FREQUENTLY in our human experience we are confronted with the necessity of choosing one of several courses of action. We hear those who make wise decisions regarding employment, financial arrangements, political issues, and social events spoken of as having good judgment, and those whose decisions are unwise as having bad judgment. However, we often find that even humanly good judgment does not always guarantee that the results of such decisions will be good.

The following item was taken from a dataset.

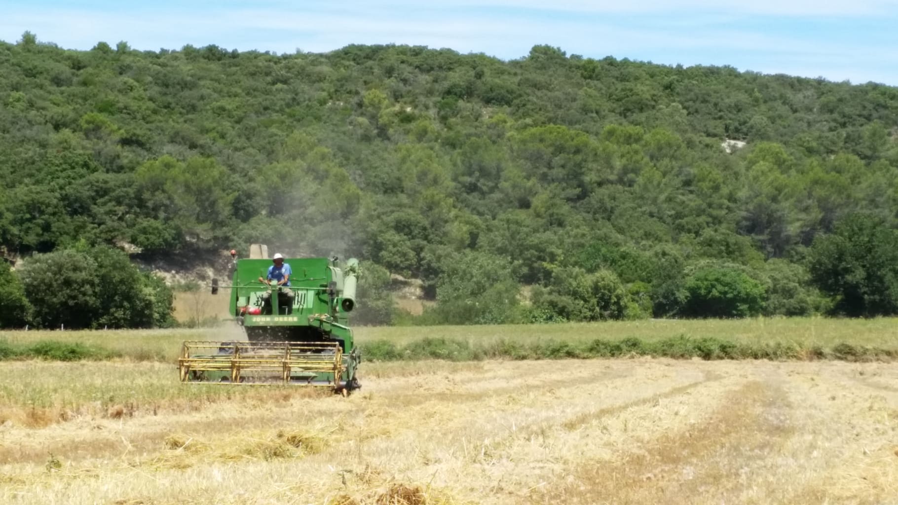 Matériel : Nous sommes équipé.es pour être quasi autonomes sur toutes les étapes de culture / tri / transformation sur les céréales : tracteurs, outils de travail du sol, semoir, moissonneuse, trieurs. Nous n’avons pas de matériel de vinification, mais l’ancienne cave pourrait être remise en marche (pressoir électro-hydraulique).

The writer has often had occasion to observe the unpleasant results of the application of mere human reason and judgment both to her problems and to the problems of others. Through a succession of such experiences she has come to see the futility of reliance on a human sense of what is right or what is good, and has learned to turn more and more to the one Mind for guidance. At one time she was offered several opportunities for employment, each one having certain material advantages, financial gain, pleasanter environment, or professional advancement. Pondering various courses of action, she was led to consider how the prophets prayed when they needed guidance.
The great revelation of guidance in the Old Testament is the Ten Commandments. It is related in Exodus that the people came to Mount Sinai, and that when Moses went up to the mount these rules of conduct were given to him. The people, however, because of their lack of spiritual vision, were not prepared to ascend the mount of revelation. Moses' higher moral sense enabled him to disregard human reasoning and upon the mount of revelation to discern the guidance which was to advance his nation to the acceptance and practice of the moral law. This was wholly apart from a sense of human good or evil. It was a revelation from God.